I've been to several. Belsen, Sachsenhausen and Auschwitz. I would say that it's a transformative experience (particularly Auschwitz). You think you "know" until you get there and see it, and realise that you know nothing, and that it could have been you.

AcrossthePond55 · 15/01/2020 19:03

I went to Dachau in the 70s as an (US) Army wife. I've also been to Manzanar (Japanese Internment camp). Both of them reinforced to me how inhumane humans can be to each other. And how important it is to remember that we are all linked together by the human experience and that our differences are surmountable if we really want them to be. And that we all must fight prejudice and cruelty.

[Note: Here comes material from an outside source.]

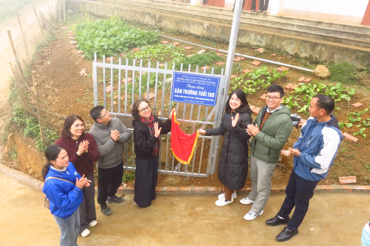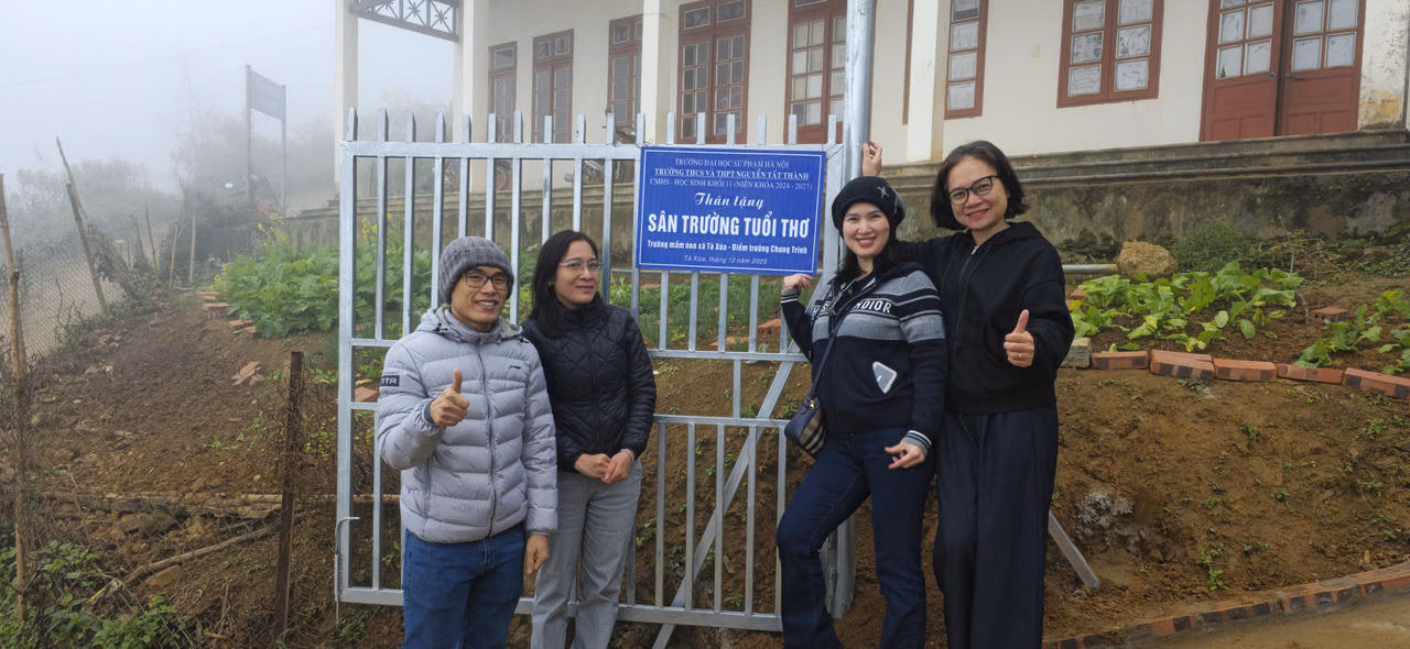 Không tham gia trực tiếp chuyến đi, nhưng cô Phạm Thị Hương Lan - tổ trưởng Chủ nhiệm Khối 11 vẫn theo dõi sát sao tiến trình của đoàn, nhìn những hình ảnh sân trường đã hoàn thiện, cô xúc động chia sẻ: Có nhìn hình ảnh của điểm trường Chung Trinh trước đây và nhìn hình ảnh của ngày hôm nay, mới thấy rõ điều kỳ diệu. Bao nhiêu năm các con không có sân chơi. Chiếc sân xinh xắn này đã cho các con được vui chơi, được chạy nhảy khi đến trường. Tôi thấy rất ấm lòng với món quà bền vững ở Tà Xùa hôm nay."

If one goes and behaves respectfully and lets the place 'speak to you', then it's quite a learning experience and one that can stay with you for a long, long time.

PepePig · 15/01/2020 19:03

I'm glad I went.

It was harrowing. You genuinely don't comprehend the scale until you're walking around the camps in person (and I'd studied the Nazi regime extensively). But it was good to sit and think about what these people went through, and how lucky we are today. I paid my respects, too.

However, it annoys me that not everyone has my mindset. I went around with a guide and a mixed bag of tourists. Most of them were fuckwits. One man got lost because he kept wandering off so we had to wait for him for an hour. One woman asked when the lunch break was as we walked around (I don't think I've ever given a dirtier look to someone). And another man started up with his pseudo deep poetic bullshit about how birds don't fly overhead because of how sombre Auschwitz is (as birds flew... overhead). I also had a young guy ask when the beds in the huts were cleaned because the guide had just explained how filthy the conditions were.

People are fucking stupid.

Redyellowpink · 15/01/2020 19:05

I agree that it depends on the intention. When I visited Auschwitz people were behaving horrendously, taking selfies, one man said to me 'I've been to much better concentration camps than this'.